Commerce Weekly: Target doesn’t want to be the showroom for online retailers

Target wants help fighting "scan and scram." Strong iTunes growth was tucked inside Apple's big earnings.

Here are a few things going on in the world of online commerce this week.

Target wants to fight “scan and scram”

TargetRemember all that talk before the holidays about the blissful union between brick-and-mortar retailers and mobile users? Retailers seemed to have accepted that many of their customers shop with smartphones in hand — and retailers even appeared to be embracing it.
A Deloitte consultant who follows these things, Kasey Lobaugh, told Internet Retailer that retailers:

… need to invest in providing customer connectivity in the store, including in-store Wi-Fi, … building functionality that best serves the customer at the ‘point of need’ and thinking about the capabilities that align with the customer’s location and context, as the customer may be in the store with a smartphone in hand or in a variety of other locations and scenarios.
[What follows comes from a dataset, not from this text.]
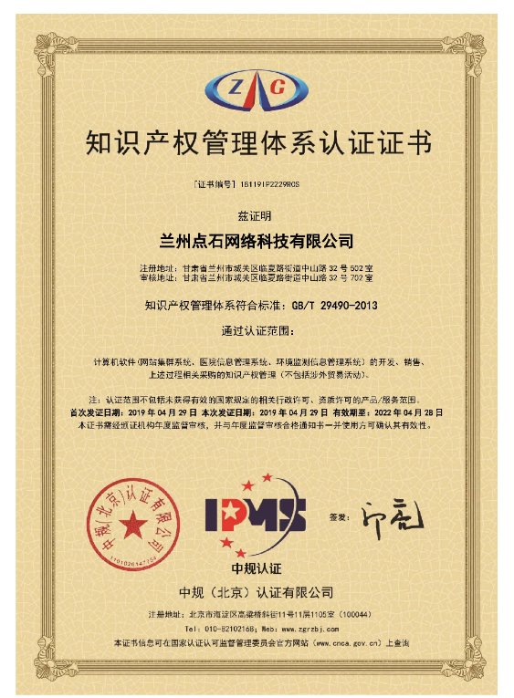 經(jīng)過(guò)點(diǎn)石家人近一年的不懈努力,終于拿到知識(shí)產(chǎn)權(quán)管理體系認(rèn)證證書(認(rèn)證范圍:網(wǎng)站群管理系統(tǒng)、醫(yī)院管理系統(tǒng)、環(huán)境監(jiān)測(cè)系統(tǒng)的開(kāi)發(fā)和銷售)。本認(rèn)證體系的通過(guò)標(biāo)志著蘭州點(diǎn)石公司的軟件開(kāi)發(fā)能力和規(guī)范化管理能力又向前邁進(jìn)了一大步?。ˋD:全省目前通過(guò)本體系認(rèn)證的信息化企業(yè)不足5家)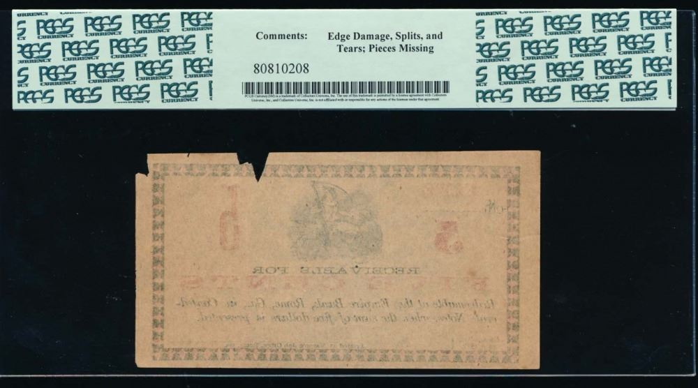 One 1862 Five Cent Empire Bank Note PCGS 50.

Indeed, Macy’s, Sears, and Nordstrom boasted about their in-store free Wi-Fi. Personally, I realized this meant I no longer had to chase after the Home Depot staff whose “Ask Me” shirts always seem to be disappearing just around the far end of the aisle. I could now ask my iPhone.

But a report in The Wall Street Journal this week about Target fighting back against “showrooming” has everyone wondering if all that goodwill is gone with the swept-up tinsel and empty See’s Candies boxes. The Journal reported that Target wrote a letter to suppliers asking for their help avoiding the fate of becoming physical showrooms for online retailers. They’re asking vendors to make unique products that can be sold only at Target, so there’s no option to find them cheaper online. “What we aren’t willing to do,” the Journal quoted the letter as saying, “is let online-only retailers use our brick-and-mortar stores as a showroom for their products and undercut our prices without making investments, as we do, to proudly display your brands.”
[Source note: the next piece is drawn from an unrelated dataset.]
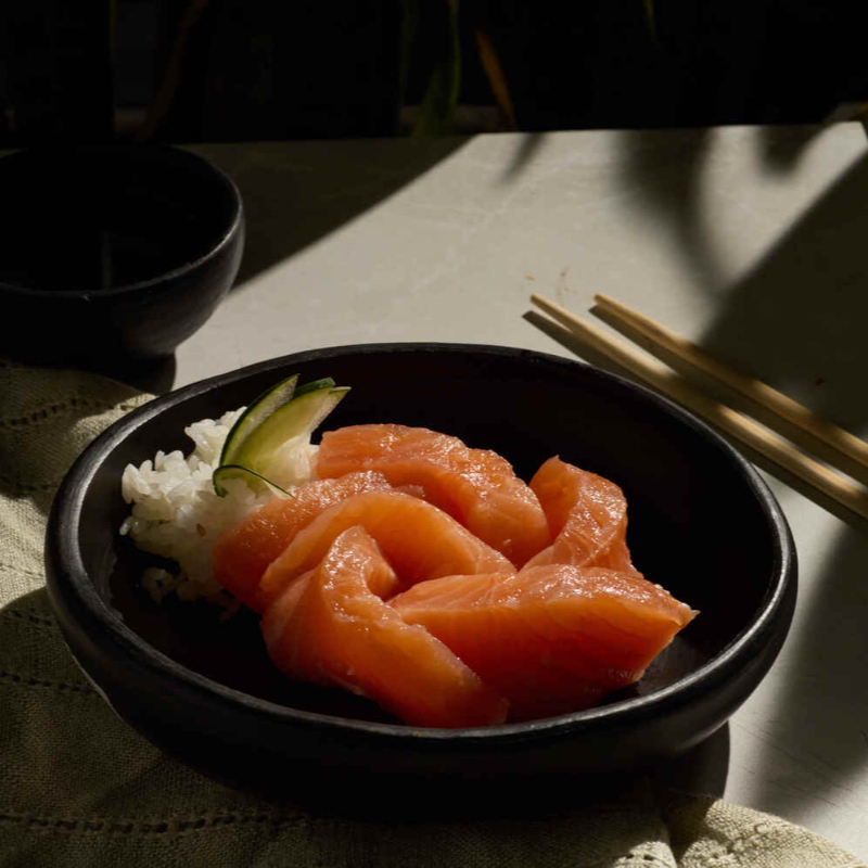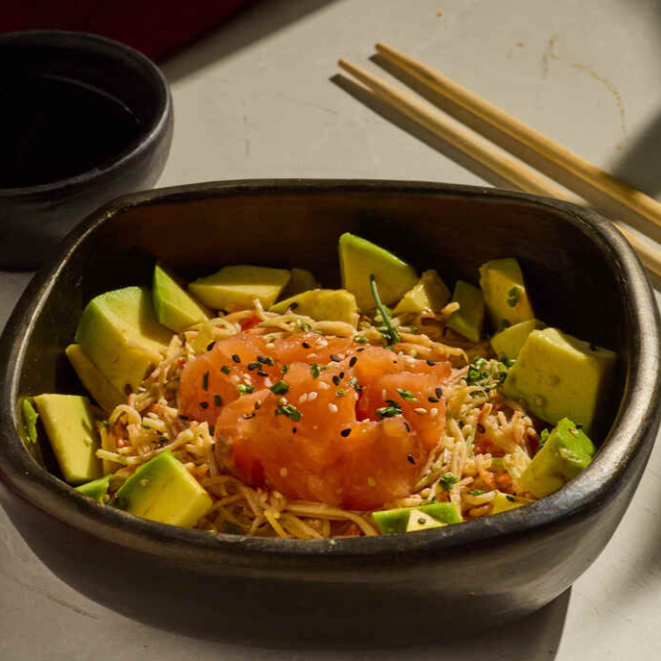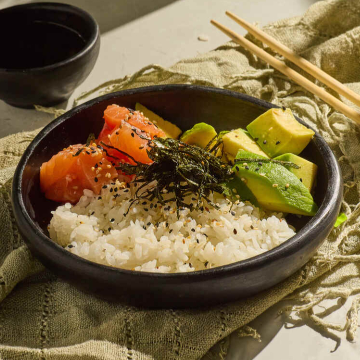 Delicioso Poke con base de arroz de sushi, aguacate, salmon fresco y alga nori

The letter certainly points out the missing logic in the equation: upbeat stories about free Wi-Fi in stores all seemed to suggest that those smartphone-enabled shoppers would be checking in at the retailers’ own online site for reviews and availability. Who would have guessed that these ungrateful shoppers would stoop so low as to compare prices at other sites? Is all harmony lost? Will our favorite stores try to block our signals or ask their suppliers to come up with unique brick-and-mortar-only SKUs to confuse Red Laser?
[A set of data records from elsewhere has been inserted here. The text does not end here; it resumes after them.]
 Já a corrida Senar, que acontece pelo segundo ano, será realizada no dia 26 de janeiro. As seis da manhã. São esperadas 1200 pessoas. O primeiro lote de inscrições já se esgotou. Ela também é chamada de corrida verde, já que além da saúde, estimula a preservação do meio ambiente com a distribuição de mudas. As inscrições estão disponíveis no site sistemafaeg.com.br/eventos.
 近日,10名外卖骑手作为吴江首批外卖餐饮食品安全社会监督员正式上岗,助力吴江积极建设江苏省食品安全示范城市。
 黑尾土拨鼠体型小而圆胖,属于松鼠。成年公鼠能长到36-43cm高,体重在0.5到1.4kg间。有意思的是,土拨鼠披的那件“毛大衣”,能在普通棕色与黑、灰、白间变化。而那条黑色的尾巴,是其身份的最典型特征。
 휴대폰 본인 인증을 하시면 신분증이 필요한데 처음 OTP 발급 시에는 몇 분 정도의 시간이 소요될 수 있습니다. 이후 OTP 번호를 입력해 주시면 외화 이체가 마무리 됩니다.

There are still some voices calling for reconciliation. Will Reese on CMO.com offers seven ways retailers can combat “scan and scram”, including beefing up a store’s own mobile presence and being clear to customers about the value the store provides. No one could accuse Target of failing to invest in its online and mobile stores, but I suppose one could make the argument that a little more investment in the customer service aspect of Target’s staff could help turn the tide. After all, as Reese describes in his story, Apple Stores aren’t afraid of customers with smartphones, possibly because they know the people working those stores — and in particular, their expertise — are one of the company’s biggest retail assets.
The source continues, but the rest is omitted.